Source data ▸
----

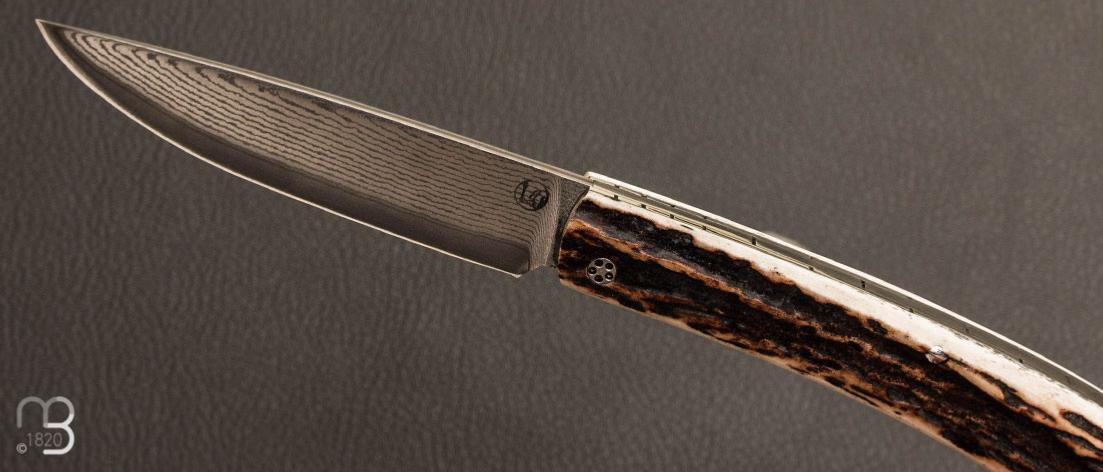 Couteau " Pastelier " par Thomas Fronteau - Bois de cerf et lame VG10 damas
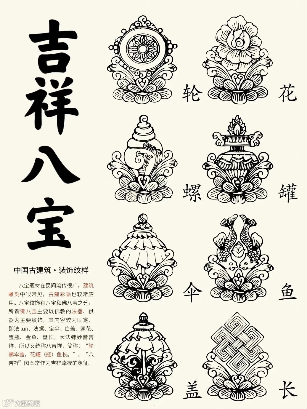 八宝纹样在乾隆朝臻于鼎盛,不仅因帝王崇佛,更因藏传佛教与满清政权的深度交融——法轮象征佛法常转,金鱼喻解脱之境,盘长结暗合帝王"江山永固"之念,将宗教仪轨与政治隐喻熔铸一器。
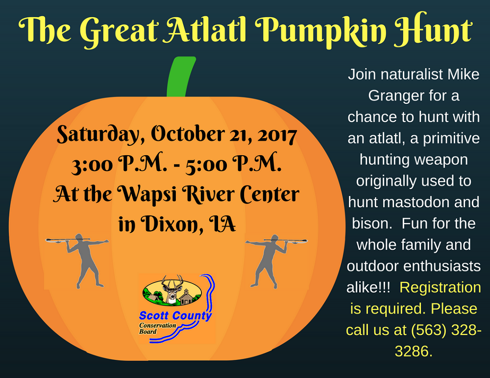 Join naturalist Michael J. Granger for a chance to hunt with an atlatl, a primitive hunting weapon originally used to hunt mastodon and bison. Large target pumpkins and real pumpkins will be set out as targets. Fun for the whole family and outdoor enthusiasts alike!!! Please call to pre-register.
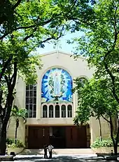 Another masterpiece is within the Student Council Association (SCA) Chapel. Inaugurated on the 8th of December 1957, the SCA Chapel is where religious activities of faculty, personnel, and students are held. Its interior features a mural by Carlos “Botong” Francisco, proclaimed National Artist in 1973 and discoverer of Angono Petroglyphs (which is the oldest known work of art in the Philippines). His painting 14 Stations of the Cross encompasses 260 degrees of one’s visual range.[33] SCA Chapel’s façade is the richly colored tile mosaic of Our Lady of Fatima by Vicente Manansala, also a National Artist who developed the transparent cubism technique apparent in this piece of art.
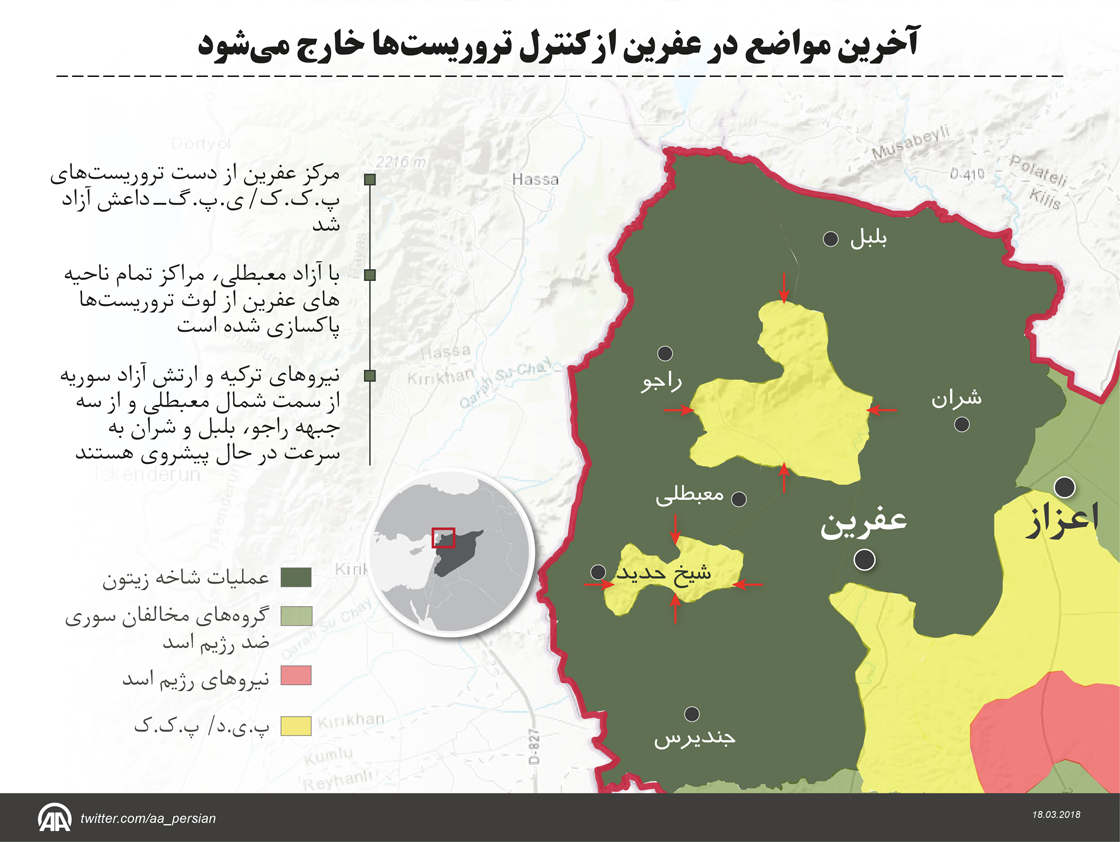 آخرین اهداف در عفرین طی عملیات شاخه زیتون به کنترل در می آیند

----

What is being asked ▸ Working from the entries above, reproduce exactly and only the lines beginning with the line that has "八宝纹样在乾隆朝臻于鼎盛,不" and ending with the line that has "Join naturalist Michael"; omit all pictures.

Answer section ▸
 八宝纹样在乾隆朝臻于鼎盛,不仅因帝王崇佛,更因藏传佛教与满清政权的深度交融——法轮象征佛法常转,金鱼喻解脱之境,盘长结暗合帝王"江山永固"之念,将宗教仪轨与政治隐喻熔铸一器。
 Join naturalist Michael J. Granger for a chance to hunt with an atlatl, a primitive hunting weapon originally used to hunt mastodon and bison. Large target pumpkins and real pumpkins will be set out as targets. Fun for the whole family and outdoor enthusiasts alike!!! Please call to pre-register.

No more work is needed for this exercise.